TWI246878B - Phase change thermal conductive plate and heat dissipating device having same - Google Patents

Abstract

A phase change thermal interface plate includes a phase change thermal interface material having a polymer matrix and fillers dispersed therein. The fillers include carbon nanocapsules. A heat dissipating device having the same phase change thermal interface plate is provided accordingly.

Description

BACKGROUND OF THE INVENTION 1. Field of the Invention The present invention relates to a heat conducting structure, and more particularly to a phase change thermally conductive sheet for conducting heat generated when an electronic component such as a chip or the like is operated, and using the same A heat sink for a phase change thermal pad. [Prior Art]

When electronic components such as CPU microprocessors move toward highly integrated components and high computational speeds, the thermal energy generated per unit area is relatively increased. In order to quickly dissipate this dense heat to the environment and effectively reduce the surface temperature of the electronic components, a heat-dissipating component having a large area is usually attached to the surface of the heat-generating electronic component to increase the overall heat-dissipating area and improve the heat-dissipating effect.
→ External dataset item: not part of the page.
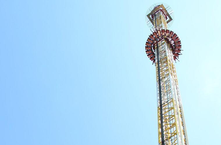 Denn was soll es denn neben Schiffschaukel und Geisterbahn noch geben, was die fahrgeschäftigen Bergbesucher noch nicht gesehen haben? Auch einen sogenannten Freefall-Tower, bei dem man aus schwindelerregender Höhe in einer Kabine gen Boden rauscht, gab es schon. Doch das, was sich heuer auf dem Berg auftürmt, ist noch einmal eine Hausnummer höher.
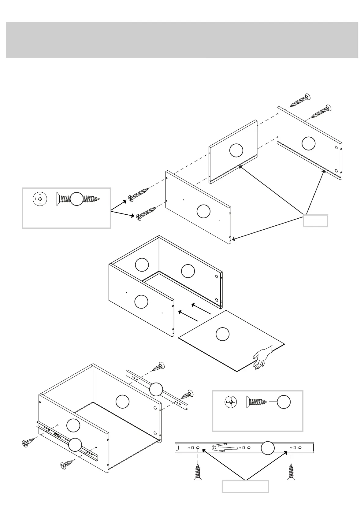LARGE DRAWER BACK (S). Use four BLACK 1" FLAT

Since the surface of the heat dissipating component in contact with the heat generating electronic component is not a completely flat surface, the two cannot be in close contact, thereby forming an air gap between the contact faces. Air is a medium with poor thermal conductivity, which causes an increase in the thermal interface resistance of the equivalent interface, which does not effectively dissipate heat. To reduce the thermal resistance of the thermal interface, some thermal conductivity thermal interface material can be applied between the two contact surfaces to fill the air gap.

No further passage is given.